Ils ne quittèrent la salle que vers midi, pour manger. Dérogeant à la règle, Serge dîna avec ses deux hommes de main et leurs familles. Une grande table avait été dressée au « Irkoutsk » : la famille Helvitch accompagnée de celles de Vassili et du chauffeur de Serge était là, dînant dans la bonne humeur, jamais on ne les aurait suspectait d’appartenir à un groupe criminel. Serge chouchoutant sa fille qui mangeait à côté de lui, cheveux blonds et grands yeux bleus. Il resta d’ailleurs avec elle toute l’après midi, pour une fois qu’il pouvait le faire, il n’avait pas été avec elle pendant ses premières années ni même dernièrement, la confiant à son frère Mikhaël.
En revanche, ils dînèrent dans l’intimité familiale avant de s’ennuyer ferme lors de la soirée, observant et dévisageant la bonne clientèle du restaurant. Il se leva de table vers l’heure fatidique des minuits et se dirigea vers les cuisines. C’était un habitué, les cuisiniers ne le voyaient même plus. Il pénétra dans la petite cour extérieure et entra dans la vieille cuisine. Le chien était toujours sur le sol mais le sang avait été épongé, sûrement non sans mal, il restait quelques traces qui se confondaient avec la saleté et la moisissure. Serge hocha la tête et regarda sa montre. Vassili s’empara de l’animal tandis que le chauffeur se précipitait vers la voiture. L’homme de main jeta la bête dans le coffre et les trois hommes disparurent dans le dédale des rues de Karandras.

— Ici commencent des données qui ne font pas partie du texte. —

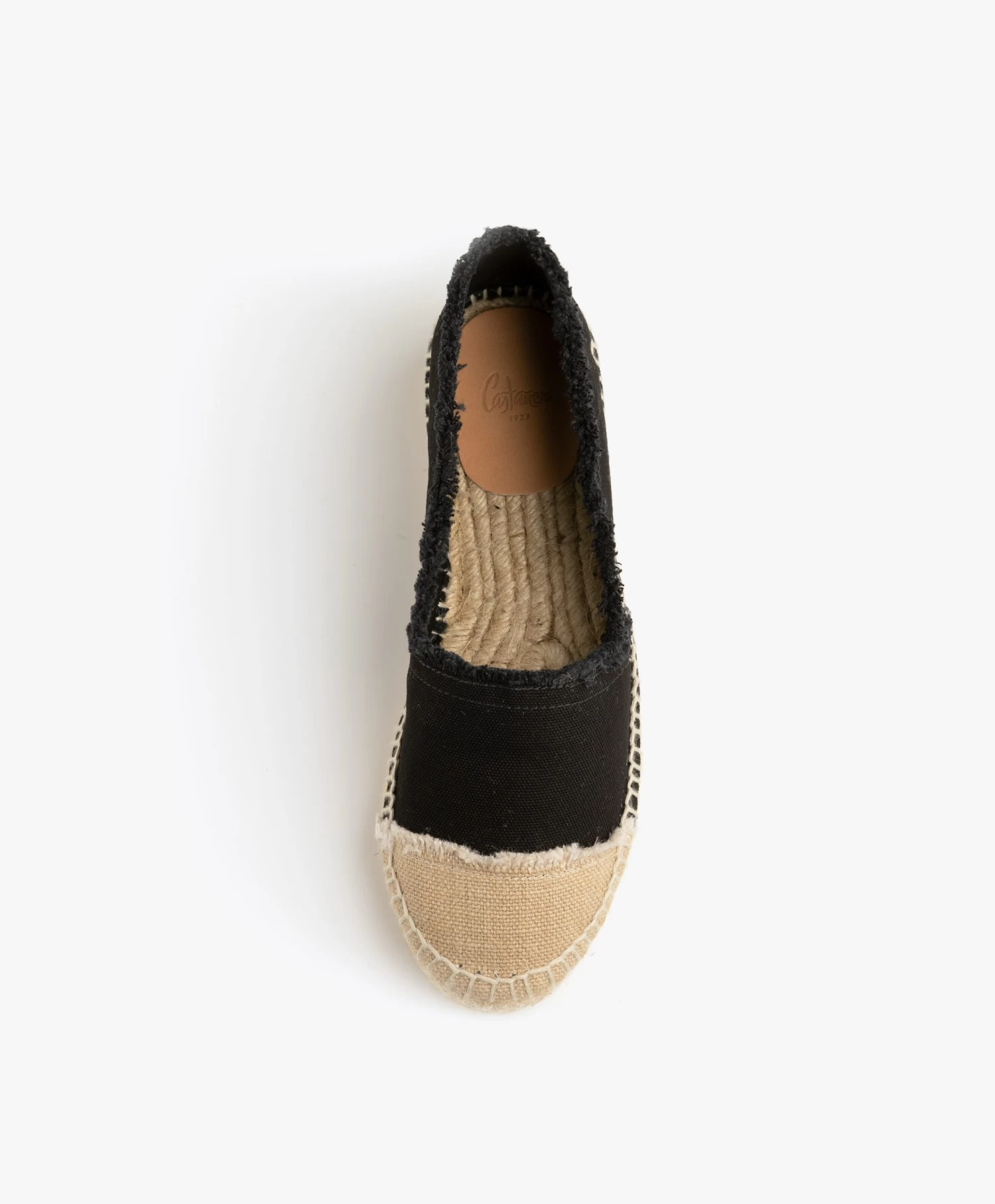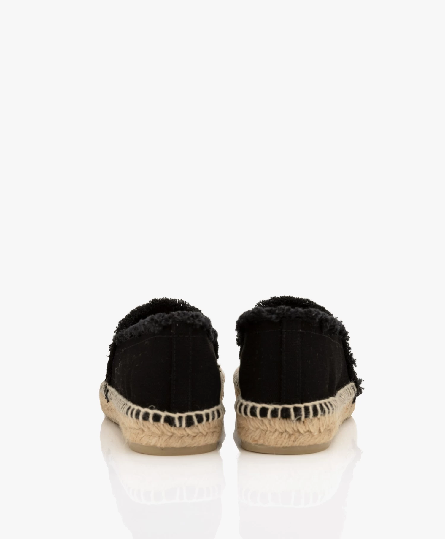 Castaner pakt de klassieke espadrille en doet er een schepje bohemien stijl bovenop. Deze zwarte, katoenen instappers hebben een beige jute inzet bij de neus voor een eigentijds kleurcontrast en zijn afgewerkt met franjeranden voor een speels effect. Comfortabel om de hele dag te dragen op zonovergoten dagen.

Ils traversèrent un périphérique désert et se dirigèrent vers les hauteurs de l’Africa Sector, là où se trouvait la villa de ce frimeur de Freeman. Ils évitèrent soigneusement les petites ruelles pour rester sur les axes principaux avant de pénétrer dans le quartier des villas, les mafieux regardaient avec envie le paysage.
« C’est ici. »
Dit simplement Serge en indiquant une grosse et belle bâtisse. Le chauffeur coupa ses phares et passa en sous-régime. Ils s’arrêtèrent à une cinquantaine de mètres du domaine. Vassili sortit de même que le chauffeur, laissant Serge seul. Le mafieux arma par sécurité son arme, mais il n’avait pas installé le silencieux. Le chauffeur partit en direction de l’entrée en sifflotant se prenant pour un passant, il jeta un bref regard, pas de dispositif de surveillance hyper-développé, ou alors il n’avait pas encore pu l’installer, après tout n’avait il pas acquis cette résidence qu’il y a quelques jours. Discrètement, le chauffeur revint sur ses pas, acquiesçant la tête. Il fallait tout de même faire vite.
Ils remontèrent en voiture et le chauffeur freina juste devant le portail, simultanément, Serge et Vassili sortirent, ouvrirent le coffre et balancèrent le cadavre par-dessus le portail. Ils remontèrent en piste, le moteur rugit, Serge tira quelques balles en l’air et laissant des traces de gomme sur le sol, la voiture disparut dans la pénombre. Cette fois-ci il fallait faire du bruit, le chauffeur roulait à folle allure dans le quartier avant de prendre la direction du périphérique et de reprendre une conduite normale.
« Dites monsieur … »
Commença à demander Vassili dans la voiture.
« Vous avez mis quelle carte alors ? »
Serge tourna le visage vers la vitre, observant les lumières de la ville qui se rapprochaient.
« L’effondrement du temple juif après la mort de Jésus-Christ. »
Le message était clair, il s’agissait d’un avertissement dans la plus pure tradition mafieuse. Lincoln ou bien ses hommes trouveront le cadavre du chien, une balle, une carte chrétienne dans la gueule, des douilles sur le sol, la gomme des pneus d’une voiture puissante, il devrait comprendre qu’il ne vaut mieux pas froisser les rois de la ville.